YOUR OBJECTIVE → Pictures stay out of the output. Return exactly the lines below from the one with "Perucă de carnaval" down to the one with "Um der Komplexität", both included, and nothing more.
DATASET RECORDS START
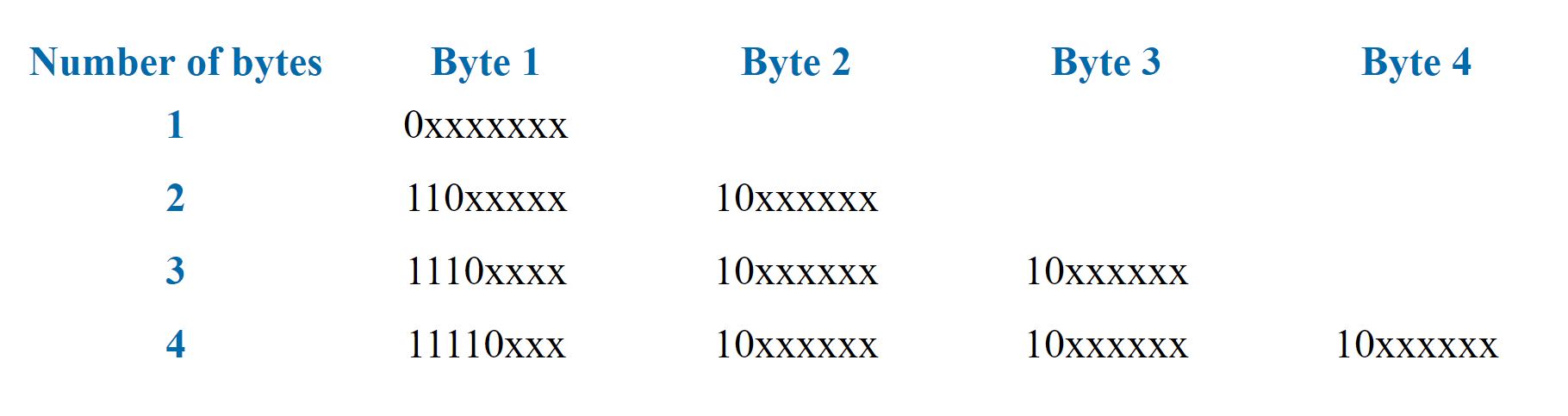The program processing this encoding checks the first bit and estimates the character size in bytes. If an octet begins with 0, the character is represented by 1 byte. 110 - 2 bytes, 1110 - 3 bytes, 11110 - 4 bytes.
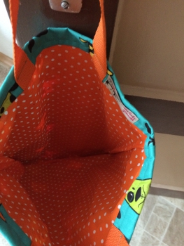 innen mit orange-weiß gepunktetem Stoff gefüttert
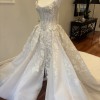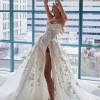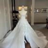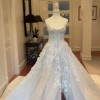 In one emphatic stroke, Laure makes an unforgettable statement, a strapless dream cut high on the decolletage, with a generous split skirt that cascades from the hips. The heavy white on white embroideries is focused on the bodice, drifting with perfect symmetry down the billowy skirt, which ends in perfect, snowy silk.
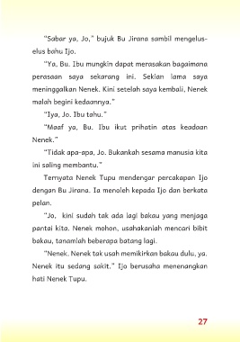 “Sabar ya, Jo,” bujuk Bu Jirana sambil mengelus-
DATASET RECORDS END
DATASET RECORDS START
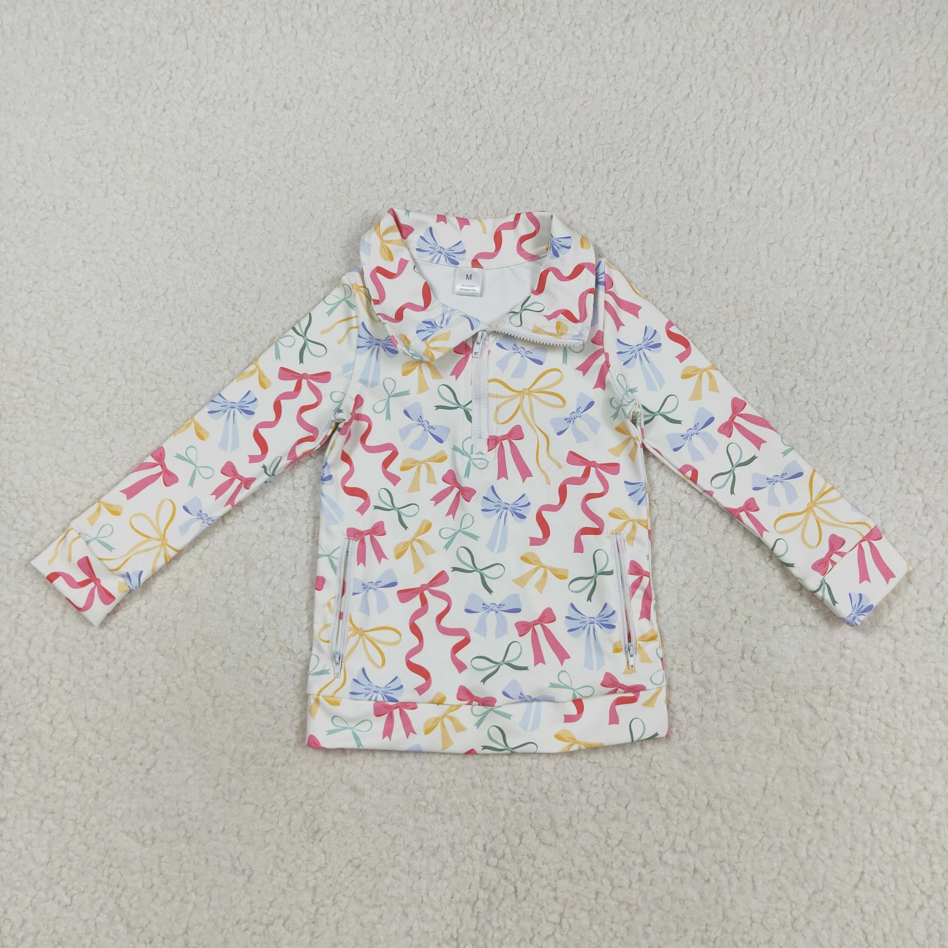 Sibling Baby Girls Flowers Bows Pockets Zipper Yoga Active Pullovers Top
DATASET RECORDS END
DATASET RECORDS START
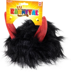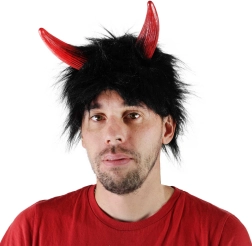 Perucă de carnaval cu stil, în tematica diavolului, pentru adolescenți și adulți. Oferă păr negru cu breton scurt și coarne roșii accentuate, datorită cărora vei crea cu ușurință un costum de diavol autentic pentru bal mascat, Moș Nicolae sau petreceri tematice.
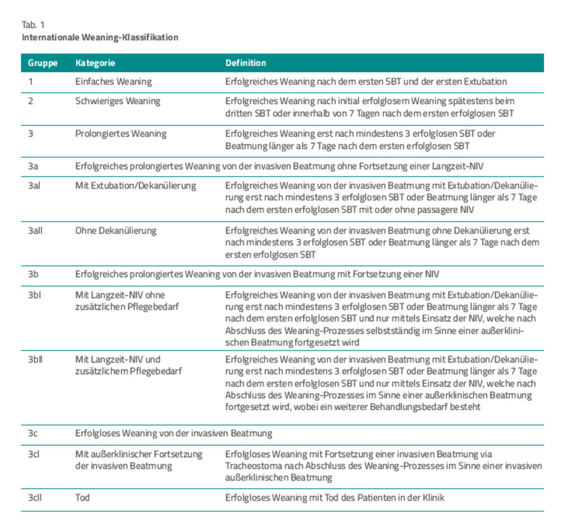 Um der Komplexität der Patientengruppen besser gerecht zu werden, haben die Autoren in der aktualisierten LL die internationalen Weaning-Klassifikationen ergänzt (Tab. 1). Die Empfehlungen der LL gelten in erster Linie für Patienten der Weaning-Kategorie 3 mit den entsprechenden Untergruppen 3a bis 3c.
DATASET RECORDS END
SOLUTION →
 Perucă de carnaval cu stil, în tematica diavolului, pentru adolescenți și adulți. Oferă păr negru cu breton scurt și coarne roșii accentuate, datorită cărora vei crea cu ușurință un costum de diavol autentic pentru bal mascat, Moș Nicolae sau petreceri tematice.
 Um der Komplexität der Patientengruppen besser gerecht zu werden, haben die Autoren in der aktualisierten LL die internationalen Weaning-Klassifikationen ergänzt (Tab. 1). Die Empfehlungen der LL gelten in erster Linie für Patienten der Weaning-Kategorie 3 mit den entsprechenden Untergruppen 3a bis 3c.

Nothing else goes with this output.